Fig. 1.

Canonical WNT pathway is upregulated in COPD proximal epithelium.

a) Heat map of RNA-seq expression Z-score, computed for all significantly modified genes (fold discovery range < 0•1) in smokers and COPD, as compared with non-smoker controls. These results depict a global WNT activation in COPD, that is more pronounced in very severe disease. The horizontal gap separates upregulated and downregulated targets.

b) Schematized overview of the canonical WNT pathway and its most important components. Green and red-filled rectangles respectively represent significantly up- and downregulated genes in COPD, according to RNA-seq data (dedicated statistical analysis, comparing pooled COPD versus non-smoker controls). Red-framed rectangles (CSNKA1&2, FBXW11, TLE1) point genes whose upregulation does support canonical WNT activation. Interestingly, two of these genes are involved in the phosphorylation and ubiquitination of the β-catenin, and their divergent regulation could be a direct consequence of the increased β-catenin cytosolic pool.

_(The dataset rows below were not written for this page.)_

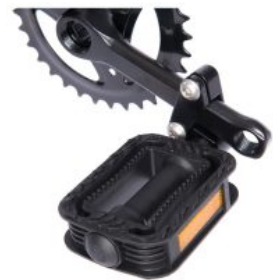
Reductor bielas pedales ajustable triciclo Momo
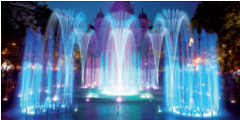
Spievajúca fontána so zvonkohrou.
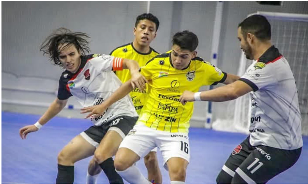
AD San Jacinto Futsal mantiene el liderato de la Liga Mayor de Futsal a pesar de caer contra Be Sports.
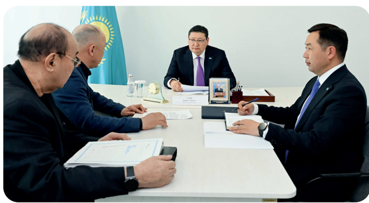
что ни одно из поднятых обращений не останется без внимания и будет находиться на его личном контроле.

Глава региона выслушал обращения граждан, разъяснил пути решения проблемных вопросов в рамках законодательства и дал конкретные поручения руководителям соответствующих управлений и акиму города. Он отметил,
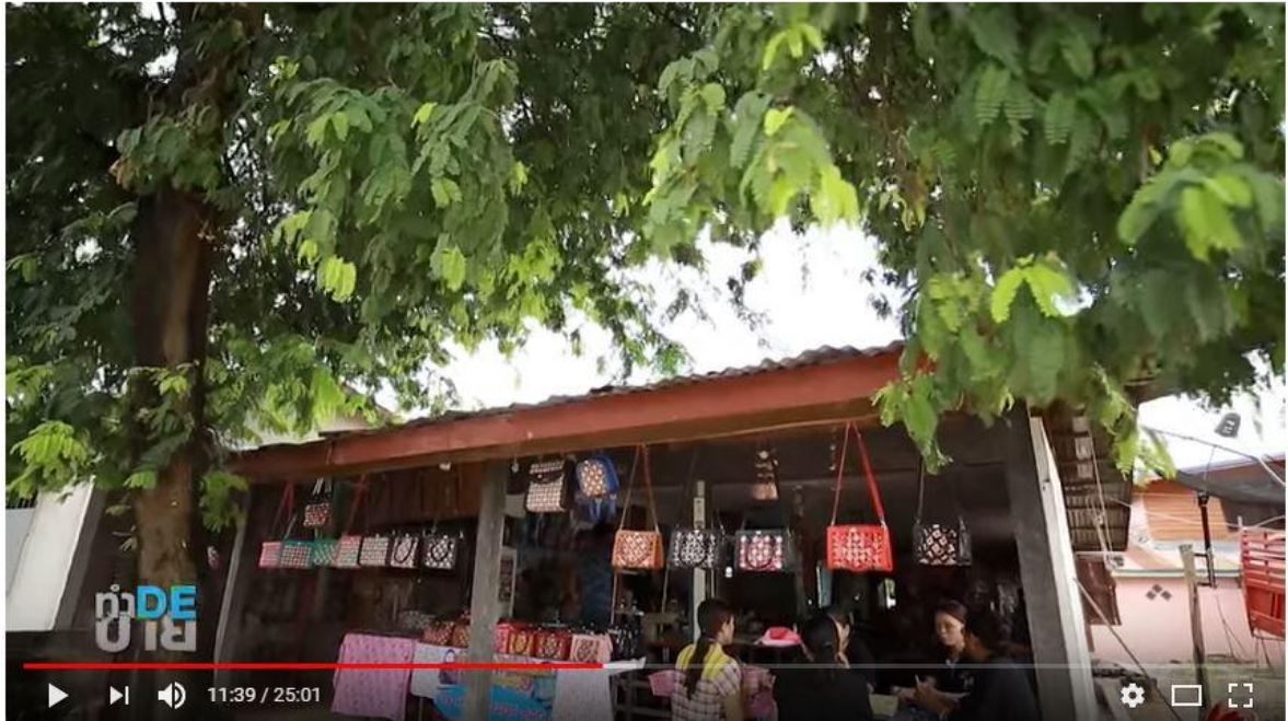
รายการ "ทำDE ขายดี" ตอน "ชุมชนตำบลบัวคำ ยุคเทคโนโลยีดิจิทัล"
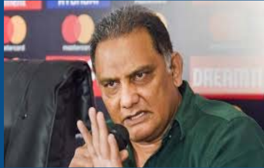
అజారుద్దీన్ - మగతా3లో

హైదరాబాద్, ఫిబ్రవరి 20: అసూహ్యంగా మంత్రి అయిన అజారుద్దీన్ పదవీ గండం వెంటాడుతోంది. గతేడాది జూలైలో అతని పదవీ గండం వెంటాడుతోంది. గతేడాది జూలైలో అతని పదవీ గండం వెంటాడుతోంది. గతేడాది జూలైలో అతని పదవీ గండం వెంటాడుతోంది.
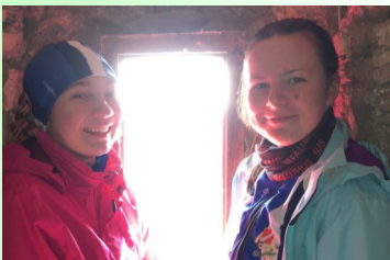
Visst blir väl Liv och My med på Oringen i Kolmården!?

Ett tips är ju att delta i 3-dagars delen och kanske bo där en del av veckan. Kanske kan ungdomarna tälta? Fixa frukost själv och kaka middag på c-orten!?
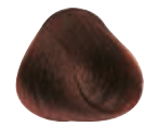
6.45 BIONDO SCURO RAME MOGANO
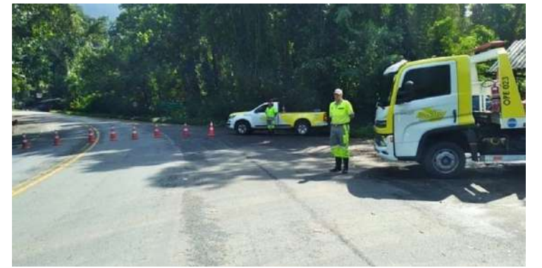
Leia mais na pagina 05

Vacinação antirrábica será realizada na Baronesa nesta quarta
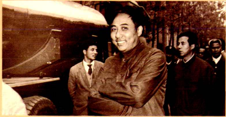
▶ 1985年11 月19日，四川 省副省长马麟 (中)来厂视察
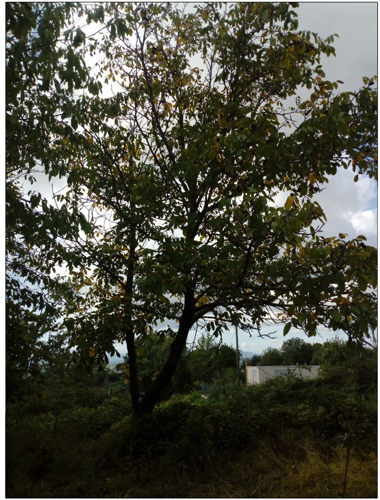
Fig. 9 - Juglans regia diametro 40 cm
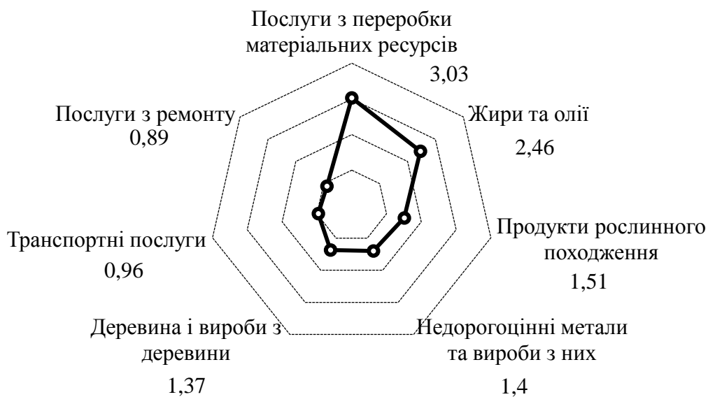
Рис. 2. Основні компаративні переваги зовнішньої торгівлі України на Європейському ринку за групами товарів та послуг, 2011-2017 рр. [Розраховано автором]

Зовнішня торгівля України на сучасному етапі характеризується поступовою зміною вектору на євроінтеграцію тому важливим є визначення компаративних переваг експортних груп товарів та послуг України. Результати розрахунку показника компаративної переваги для України за основними групами товарів та послуг в 2010-2017 рр. (рис. 2) підтвердили сировинний характер експорту України.

c) The most affected target genes (>2-fold change) in RNA-seq, namely MMP2, MMP7, FZD7, SOX4, as well as CTNNB1, the cardinal factor of canonical WNT, were validated by RT-qPCR in the initial 47 patients series enriched with 21 additional samples

*, **, ***, **** indicate p-values of less than 0•05, 0•01, 0•001, and 0•0001, respectively (analysed using the Kruskal-Wallis test followed by Dunn's post-hoc test). Bars indicate median ± interquartile range. COPD, chronic obstructive pulmonary disease; EMT, epithelial-to-mesenchymal transition; NS, non-smokers; ns, not significant; Smo, smokers.